NBA Finals Preview: Lakers-Celtics XI

Thus begin the endless references to all the classic Celtics/Lakers Finals matchups in history, particularly in the 80's. I know the media has to do this. I mean, they can't easily ignore it. Nor do I expect them to. So I understand that. But frankly, some of it is a little silly. Yes, it's the Lakers and Celtics. And yes, it's the game of basketball. And that's where the similarities end. So please, media, no more comparisons of the Boston Three Party to the true Big Three. And let's not compare Kobe to Magic or anything of the sort. Let this matchup be what it is. Also, I've heard some say this matchup is "saving the league." This is fully absurd. Saving the league? From what? The NBA is financially very healthy. So healthy, in fact, that it continues to subsidize the hemorrhaging, untenable farce known as the WNBA. Television revenues are at all time highs, and attendance levels remain high. I agree that this Finals matchup will probably get ratings as good as any of the Bulls Finals series. But it's not "saving the league," so no more saying this.

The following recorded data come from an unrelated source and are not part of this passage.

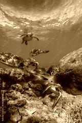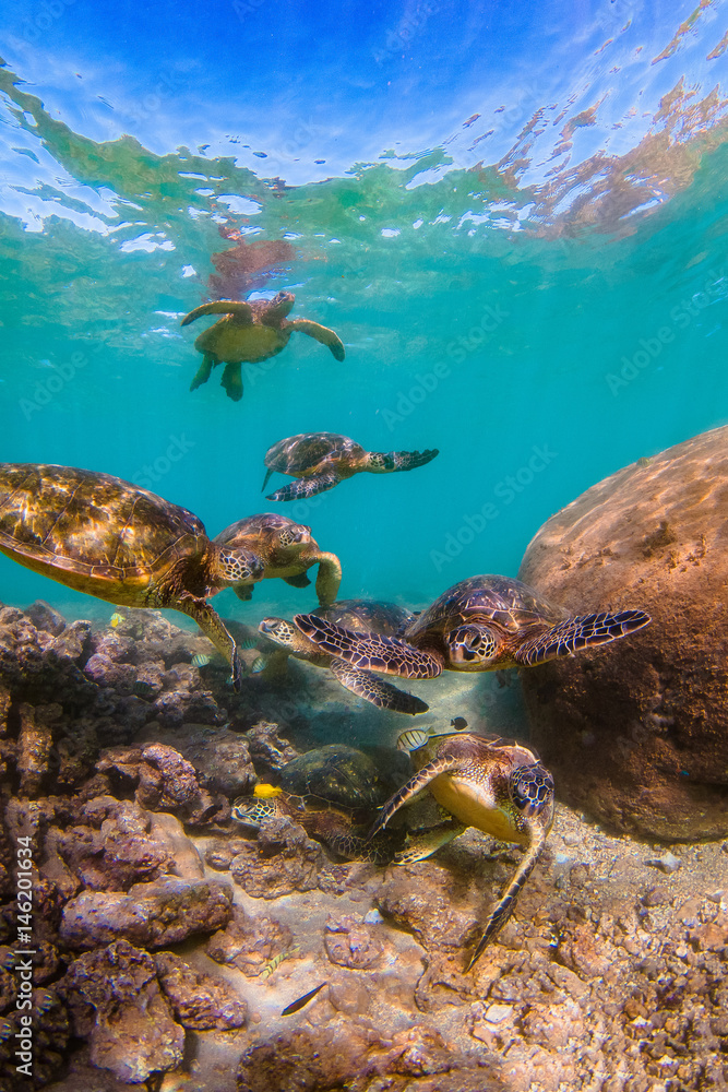 Endangered Hawaiian Green Sea Turtle cruising in the warm waters of the Pacific Ocean in Hawaii
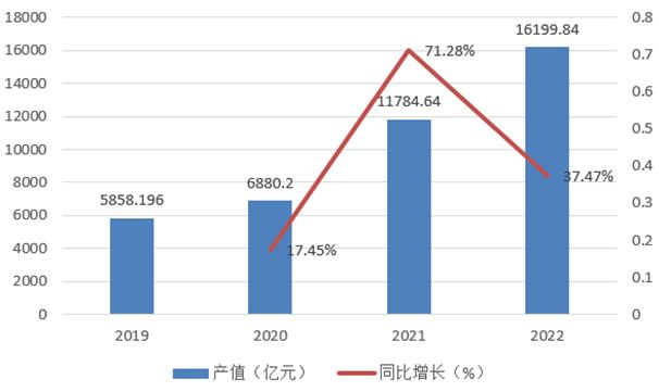 據(jù)測算,2022年牛奶行業(yè)產(chǎn)值達(dá)16199.84億元,同比增長37.47%。
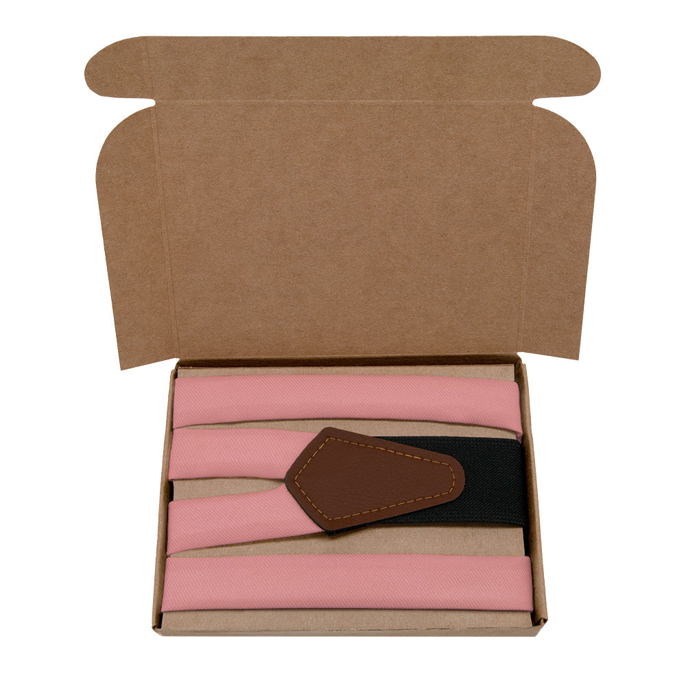 KT Dusty Pink suspenders are a spring favorite. A quieter and more mature take on fun and flirty pink, these solid dusty pink suspenders are great for work or pleasure.

As for the matchup itself, this is pretty tough to call. Celtics won both regular season matchups, but that was before the Lakers got Pau Gasol, so as far as I'm concerned, those games have no bearing. This will be the Lakers first real test of the post-season. No team has yet been able to play the level of defense necessary to beat them four out of seven. I do think the Celtics have that defense, but they've been inconsistent this postseason, particularly on the road. When I look at these two teams, I see that the Lakers have the best starting five, the best bench, the best individual player, and the best coach. I guess this is easier than I thought.

Prediction: Lakers in 5

Sunday, June 1, 2008

separated at birth

Few people know that the late actor Alan Hale and sports broadcaster Jon Miller were good friends growing up. The younger Jon aspired to become a Hollywood star one day. He hoped to land a leading role in some sort of situational comedy about seven people that, after a transportation mishap, became stranded on an island (when you think about those circumstances, it makes you wonder how that was ever pitched as a comedy). The older Alan dreamt in his boyhood of one day becoming a famous baseball announcer alongside one of the greatest second-basemen to ever play the game. As it turned out, these friends ended up living out each other's dreams, though it worked well for each. Said Alan one day in 1989, "Jonny told me that he and Joe Morgan are going to start a new weekly baseball thing next year on Sunday nights. I told him good luck with it and to check out this blog so he knows exactly what to expect from the little buddy." Miller responded, "I'm privileged with the chance ESPN has given me. I hope to carry on Alan's legacy by getting Peter Gammons hopelessly stranded in Yankee Stadium one day."